Home > Watch Him Die : 'Truly difficult to put down'(15)

Watch Him Die : 'Truly difficult to put down'(15)
Author: Craig Robertson

‘You’re saying that her death was deliberately prolonged?’

He didn’t look her in the eye but cast his head down, seemingly quite literally chewing on the answer, finally nodding reluctantly but firmly.

Shit. Shit. Shit.

‘Have you found anything else?’

‘We have. A piece of clothing snagged on a loose nail. It isn’t covered in dust or dirt like the rest of the place so we believe it to be recent. It doesn’t come from either of the gentlemen who discovered the body. We’ll tape-lift from it and hopefully get skin cells for matching.’

‘Can I see it, please?’

Two Soups held up an evidence bag. Inside was a scrap of black cotton, perhaps an inch square in size.

‘You’d think he’d have noticed leaving that behind.’

‘I can only imagine that he had his hands full, Detective Inspector. Quite literally.’

‘I guess so. This is ripped from a T-shirt, maybe?’ Tam Harkness habitually wore black T-shirts.

Baxter demurred, ‘It’s possible.’

Narey hesitated. The one question that she really wanted to ask had been stuck in her throat.

‘How long, Mr Baxter? How long has she been dead?’

That question could as easily have been rephrased as, ‘Was she alive when I was searching for her? Or had she been murdered before I even heard her name?’

Baxter reverted to type and refused to answer either spoken or inferred questions.

‘I wouldn’t care to speculate, Detective Inspector. We have science for that. You will have results as soon as it is humanly possible to get them to you.’

He left her to it, his parting gift a look that suggested he’d be grateful for her getting out of the way before too long. She was in no hurry to oblige him.

Why here?

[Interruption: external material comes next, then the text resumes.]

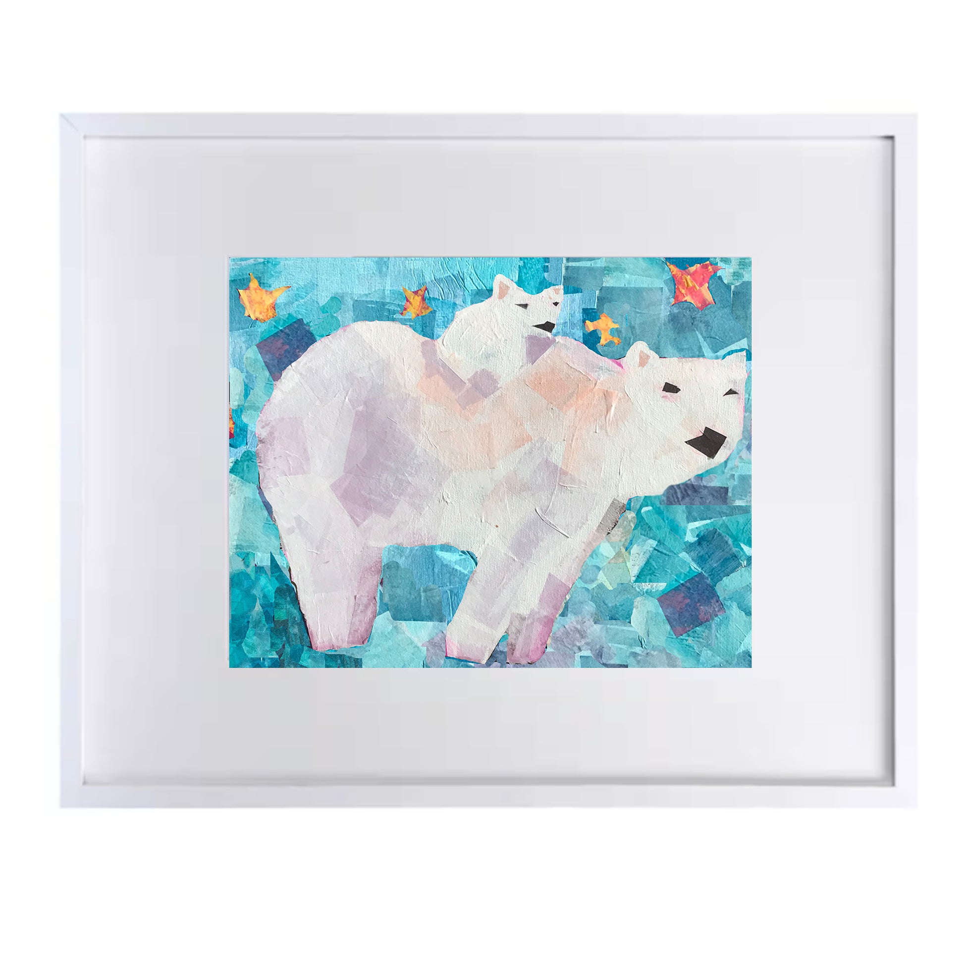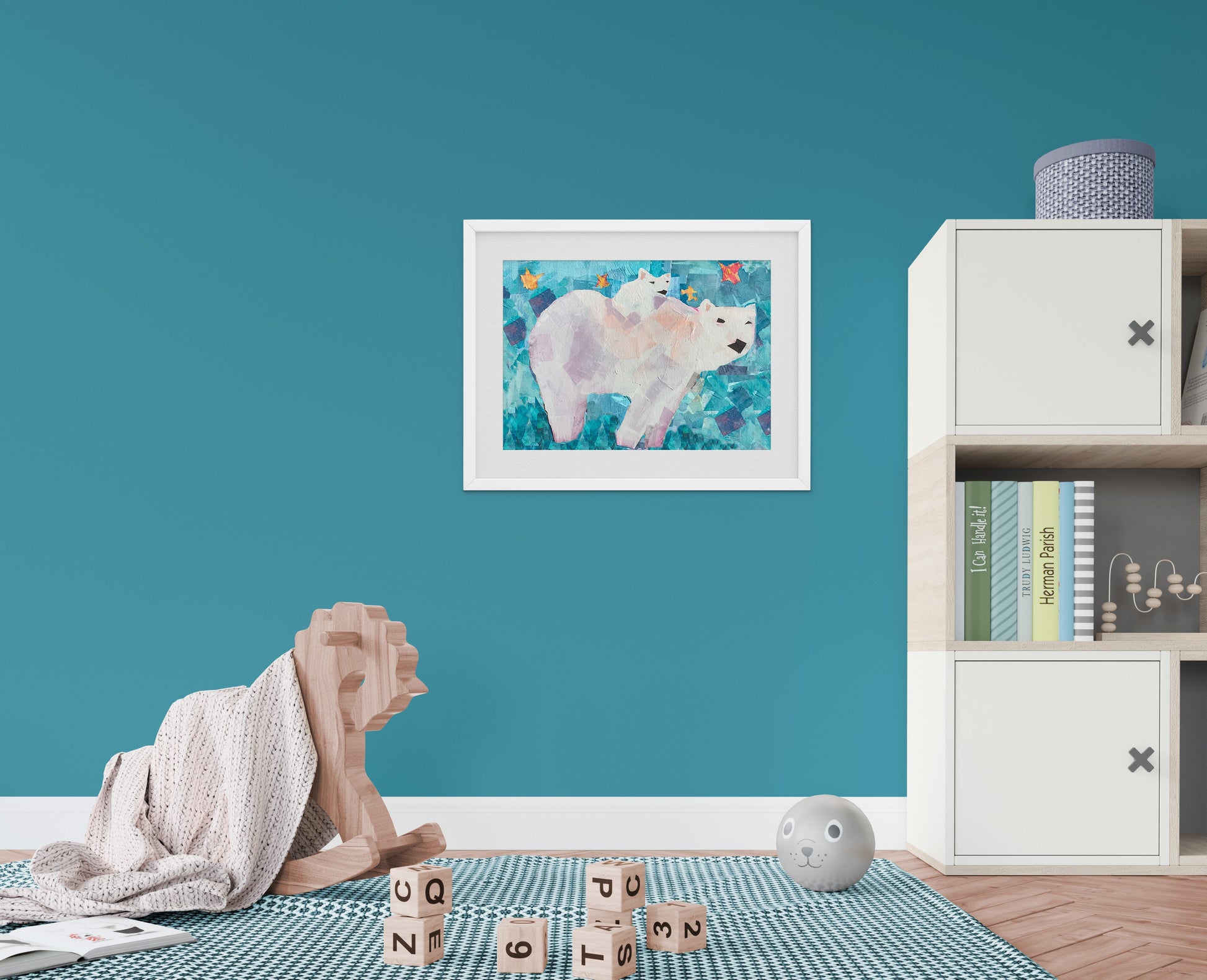 Turn your child's nursery into an arctic wonderland! This high-quality mommy and baby polar bear print with a pink or turquoise background makes a wonderful baby shower gift for a parent in search of a unique and colorful nursery or a birthday present for someone who loves polar bears. Available in vertical, horizontal, or square options, in addition to the two color choices.

Why did he bring you here, Eloise? Somewhere you would inevitably be found. And why place you next to the beer barrel rather than hiding you behind it? And why take you at all?

She was still lost in her own thoughts when DS Rico Giannandrea made his way through the cellar minefield to stand at her shoulder.

‘I’m sorry, Rachel. I know this wasn’t how you wanted it to end.’

She answered without taking her eyes of Eloise. ‘Ah, but I did want it to end, Rico. That’s my sin. I’d got to that stage that I wanted to find her. Dead or alive. Be careful what you wish for, that’s what they say.’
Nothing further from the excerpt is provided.